Şubat 05, 2017 17:36 Europe/Istanbul

Bugün sizlere İslam inkılabı zafere kavuştuğu günlerde CIA Başkanı olan Stansfield Terner ve Amerika’nın İslam inkılabı üzerinde araştırma yapan ünlü sosyologlarından John Furan’ın görüşlerinden söz etmek istiyoruz.

İran İslam inkılabı yabancıların bakışında her zaman çağdaş tarihin bir parçası olmuş ve olmaya da devam ediyor. Bu inkılabın üzerinden zaman geçtikçe de nasıl vuku bulduğu ve bugüne kadar ayakta kaldığının gerekçeleri hakkında meraklar da bir o kadar artıyor.

Stansfield Terner Amerika’nın dönem Başkanı Carter döneminde CIA başkanıydı. Terner, pehlevi rejiminin çöküşünü ve İslam inkılabının zaferini tanımlanamaz bir süreç şeklinde tanımlıyor.

Image Caption

Amerika’nın eski başkanlarından Baba Bush şöyle diyor: ben İran’da İslam inkılabı zafere kavuşması yüzünden görevden alınan CIA’nın dönem Başkanı Terner’e sordum; yani siz dünyada bunca ajanınız ve bunce ileri teknoloji teçhizatınız ve sarf ettiğiniz bunca para ile İran milletinin inkılabını tahmin edemediniz mi? o da bana şöyle cevap verdi: İran’da yaşanan şey “tanımsız” bir olaydır, bizim bilgisayarlarımız onu anlayamıyorlar.

Terner NBC TV kanalına verdiği mülakatta da şu itirafta bulunuyor: bizim tahmin edemediğimiz şey, 78 yaşındaki 14 yıl sürgün hayatı yaşayan bir din adamının bunca etkeni bir araya getirme etkeni olması ve birden fışkıran devasa bir yanardağ ve milli bir devrimle karşılaşmamız oldu.

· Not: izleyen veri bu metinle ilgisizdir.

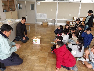 1年生から、来年の1年生へのプレゼントが渡されました。
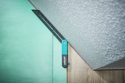 Pomôcka na meranie uhlov je chytré riešenie pre presné a pohodlné meranie uhlov s následným prenosom na obrobok - ideálne pre pokládku alebo pri konštrukcii nábytku. Prvým krokom je zasunutie dvoch plastových nôh do rohu steny a ich zarovnanie pozdĺž stien. Na zabezpečenie tejto polohy použite zaisťovaciu páku. Je navrhnutý tak, aby ho bolo možné ľahko ovládať z oboch strán iba jednou rukou, a to aj v úzkych pracovných oblastiach. V ďalšom kroku umiestnite uhol skosenia na obrobok a nakreslíte uhol. Uhol skosenia je tiež výborne vhodný pre použitie ako veľkosť zdvihu (označenie rovnobežných čiar). Mierka na pohyblivé nohe a vodiace otvor pre ceruzku Vám uľahčia prácu. Jednoducho umiestnite doraz, vložte kolík a veďte uhol skosenia cez obrobok.
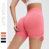 Shorts de Yoga sin Costuras con Cordón Cruzado para Mujer, Cintura Alta, Levanta Caderas, Melocotón Triple, Ajustados, Deportivos, Fitness, Yoga

Aslında Amerikalı ve Avrupalı bir çok sosyolog ve siyasal bilimler uzmanı ve politikacı ve kanaat önderlerinin görüşüne bakıldığında, İran İslam inkılabının Batılı hiç bir insani bilimde mevcut olan tezlerle izah edilemeyen benzersiz özelliklere sahip olduğu anlaşılıyor.

Amerika’nın California üniversetisi sosyoloji hocası John Furan İran İslam inkılabı hakkında bir kaç kitap ve makale yazan bir düşünürdür.

Furan “1977 – 79 inkılabı, sosyal teori üzerine bir mesele” başlıklı eserinde şöyle diyor: 1980’li yılların sosyal tezinin konusu şöyle ki acaba İran inkılabını benzersiz ve başka inkılaplardan farklı olarak mı ele almalı, ya da İran’daki gözlemlere göre inkılapların sebebini yeniden gözden mi geçirmeli? Şeklinde gündeme geliyor.

Furan İran’da İslam inkılabından sonra inkılap tezlerinde ciddi bir soru işareti oluştuğunu ve İran’da yaşanan bu değişimle bu tezlerde de bir devrim yaşandığını vurguluyor.

John Furan, inkılap tezlerinin dördüncü kuşağı ve hatta sosyal bilimler İran’da İslam inkılabının şekillenmesi ve zafere kavuşmasından sonra ortaya çıkmaya başladığını ve bu tezlerde kültür, ideoloji, din ve rehberlik gözetilmesi gerektiğini kayediyor.